The vulnerability of civilians was brutally demonstrated on the morning of March 11, when 16 civilians, including women and children, were murdered in their homes in the southern Afghan province of Kandahar.
A lone US soldier, Sergeant Robert Bales, has been accused of the lethal rampage, which has understandably infuriated Afghan people and strained the already tense Afghan-US relations.
Washington owes the Afghan people an honest explanation of how their homes became killing zones.
As Washington is poised to gradually withdraw its troops in Afghanistan, there is no guarantee that the transition period leading up to the withdrawal will be a smooth one.

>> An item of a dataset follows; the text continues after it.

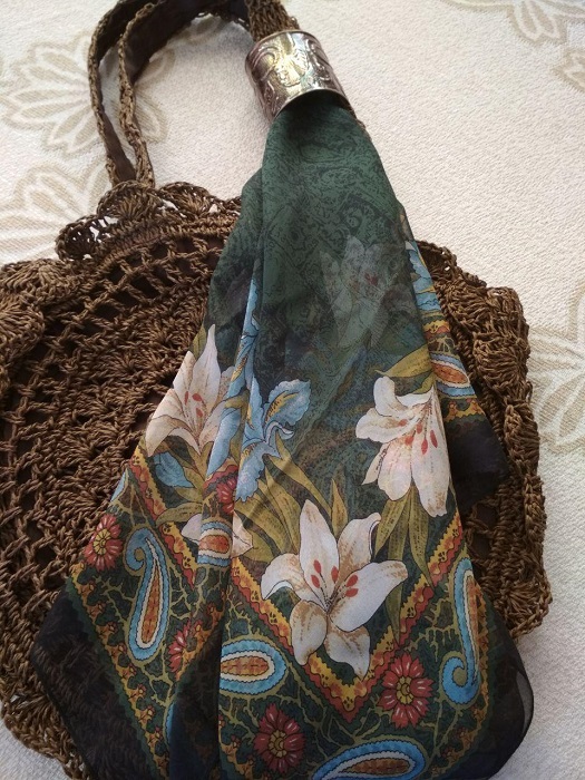 ELEN-A, Вы открыли мне глаза на чудесный платочек! ^% Даже обидно стало, что крепжоржетовым практически не уделяют внимания на форуме. :( Комплект хорош, гармоничен. Особенно умилила эта медная муфта для платка на третьем фото :: . Тоже такую хочу, именно медную или бронзовую.
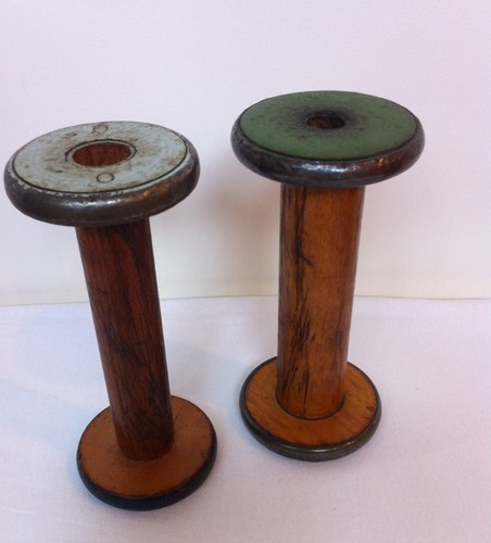 Title (ebay affiliate link): LOT OF 2 VINTAGE TEXTILE MILL BOBBIN SPOOLS - 7" WOOD AND CHROME

There is also no guarantee that the US will not leave Afghanistan in as big a mess as it did Iraq. The US pulled its troops out of Iraq in December, leaving the Gulf country in a quagmire of political instability and sectarian strife.
Tensions among political rivals have been on the rise, while bombings and killings happen on a daily basis. On March 20, which marked the ninth anniversary of the Iraq war, a torrent of violence and bombings ravaged 13 Iraqi cities and killed 44 people.
The US has unshirkable responsibilities to protect civilians in Afghanistan and Iraq, and it should be held accountable for the loss of civilian life in the two countries, as those who have lost their lives are victims of the US strategy in the two countries.
The soaring civilian death count in Afghanistan and in Iraq has aroused widespread concern among the international community over US strategy in Central Asia and the Middle East.
Conservative estimates put the number of civilians who have lost their lives in Iraq at more than 100,000 since the US invasion in 2003. There is no single figure for the overall number of civilians killed by the 10-year-old war in Afghanistan, but according to the latest report from the United Nations, 12,793 had been killed in the past six years.
Certainly people around the world are sickened by the ever-growing number of civilians who have been killed since the US launched its wars in Iraq and Afghanistan in the name of anti-terrorism.
One cannot help asking when will it end?